At her feet, Kane didn’t stir. He wouldn’t for a good half hour or so, assuming the smoke dissipated in time. Zaria could hear his voice in her mind, the dangerously furious tone of it as he whispered her name.
He’d said it like he’d known she was betraying him. She wondered what more he might have added had he not succumbed to unconsciousness. If he’d wake and think the second kiss was a ruse. If the gentler pieces of him she’d uncovered would evaporate. If he’d hunt her to the ends of the world for his revenge.
She supposed that this would become her life the moment she walked away from this place. An existence running from Kane Durante was surely a dangerous one, but it was a risk Zaria was willing to take. She would sleep with one eye open, a gun clasped in her hand. She could sell the rest of the jewelry and leave this wretched life behind. After all, the dark market was everywhere. Let Kane hunt her all he liked. She had survived this long. She was always, always willing to do whatever it took.

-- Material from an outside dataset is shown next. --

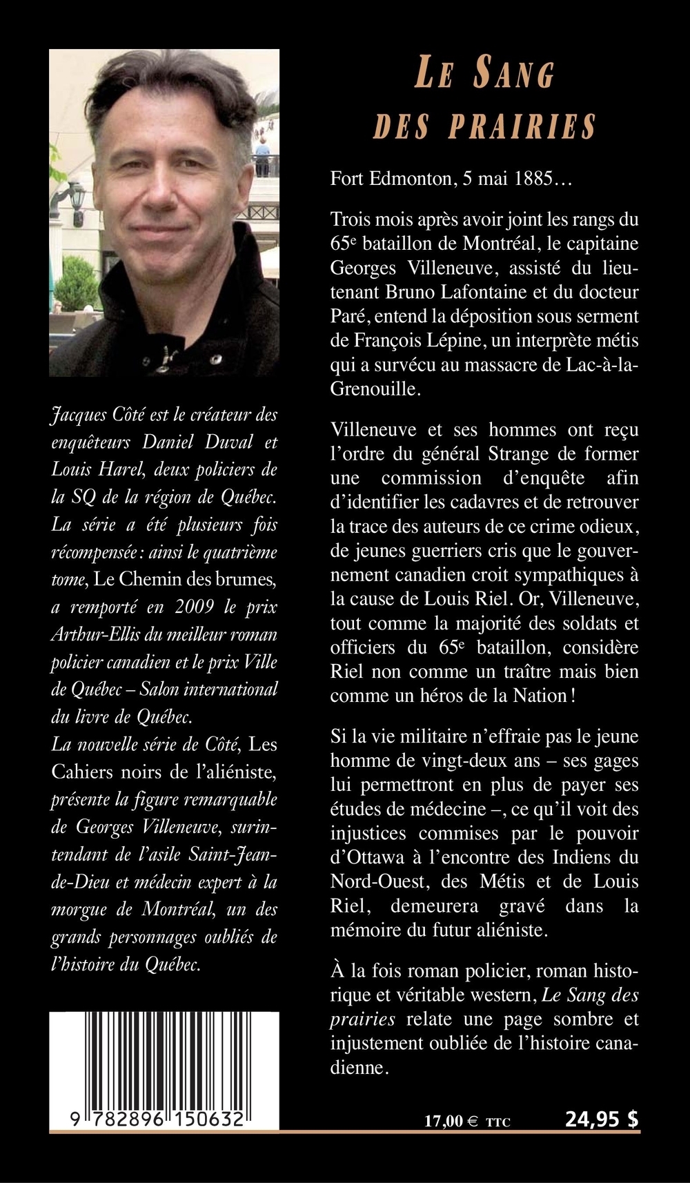 Fort Edmonton, 5 mai 1885… Trois mois après avoir joint les rangs du 65e bataillon de Montréal, le capitaine Georges Villeneuve, assisté du lieutenant Bruno Lafontaine et du docteur Paré, entend la déposition sous serment de François Lépine, un interprète métis qui a survécu au massacre de Lac-à-la-Grenouille.Villeneuve et ses hommes ont reçu l’ordre du général Strange de former une commission d’enquête afin d’identifier les cadavres et de retrouver la trace des auteurs de ce crime odieux, de jeunes guerriers cris que le gouvernement canadien croit sympathiques à la cause de Louis Riel. Or, Villeneuve, tout comme la majorité des soldats et officiers du 65e bataillon, considère Riel non comme un traître mais bien comme un héros de la Nation ! Si la vie militaire n’effraie pas le jeune homme de vingt-deux ans – ses gages lui permettront en plus de payer ses études de médecine –, ce qu’il voit des injustices commises par le pouvoir d’Ottawa à l’encontre des Indiens du Nord-Ouest, des Métis et de Louis Riel, demeurera gravé dans la mémoire du futur aliéniste. À la fois roman policier, roman historique et véritable western, Le Sang des prairies relate une page sombre et injustement oubliée de l’histoire canadienne.
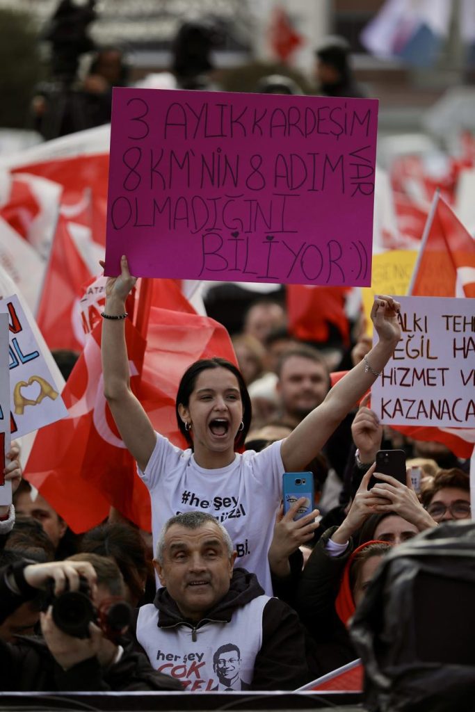 Bir saatlik gecikmenin bile İstanbullulara eziyeti, maliyeti var. İstanbul’un bütçesine yük olarak döner. 10 metro inşaatını plansızlıktan, hesapsızlıktan, parasızlıktan durduran bu kendisini bilmezlere, haddini bilmezlere 31  Mart’ta bence siz bir puan vereceksiniz. Öyle değil mi? Anladınız mı o puanı? Kaç vereceksiniz. Vallahi biliyorlar. Halkımız kime kaç puan vereceğini biliyorlar. Bunların belediyeciliğinin notu bu.2019 öncesinde İstanbul Büyükşehir Belediyesi’nin kaç kreşi vardı biliyor musunuz? Vallahi biliyor işte. En kolay zaten onların notunu bilmek. Şimdi 100 kreşimiz var. Önümüzdeki dönem 200 olacak. Bugün Kağıthane’deydim oradaki adayımızla beraber geziyorduk. Dediler ki, başkanım siz Kağıthane’de de kreşe açınca biz de anlatınca çok eleştiri olunca apar topar bir iki binanın kıyısını, köşesini iki üç derslikli kreş olarak açmış belediye. Dedim iyi gene ders alan var. Hani ders çıkaran var.  İstanbul’un ilçelerin de bizi göreve getirin biz bu şehirde 500 tane kreş açarız.

It was why they could never be together. Why it had never really been an option.
“Goodbye, Kane,” she murmured, knowing he couldn’t hear.
And she left him there to be devoured by the haze.
The glass panel nearest the Waterhouse exhibit was already gone, courtesy of Jules. Tiny fragments of glass were scattered on the floor, and more aleuite smoke billowed into the sky outside the palace. Based on its current density, she could estimate that Jules had released the final explosive less than five minutes ago. She darted through the jagged opening, careful to avoid the jut of the metal framing, and emerged, coughing, into Hyde Park.
Once she was mostly clear of the smoke, she tossed her handkerchief aside, letting the crowd swallow her up. The panickedcacophony was too loud after the tense silence while Kane picked the lock. It was an assault on her ears. There were too many bodies, too many smells. She felt as though she were being squeezed through a veritable tube of humanity. She kept half an eye out for Fletcher but didn’t see him among the officers she spotted. Thank God for that. Not only because she didn’t want to be caught, but if she’d truly just doomed him, she didn’t want to look him in the eye.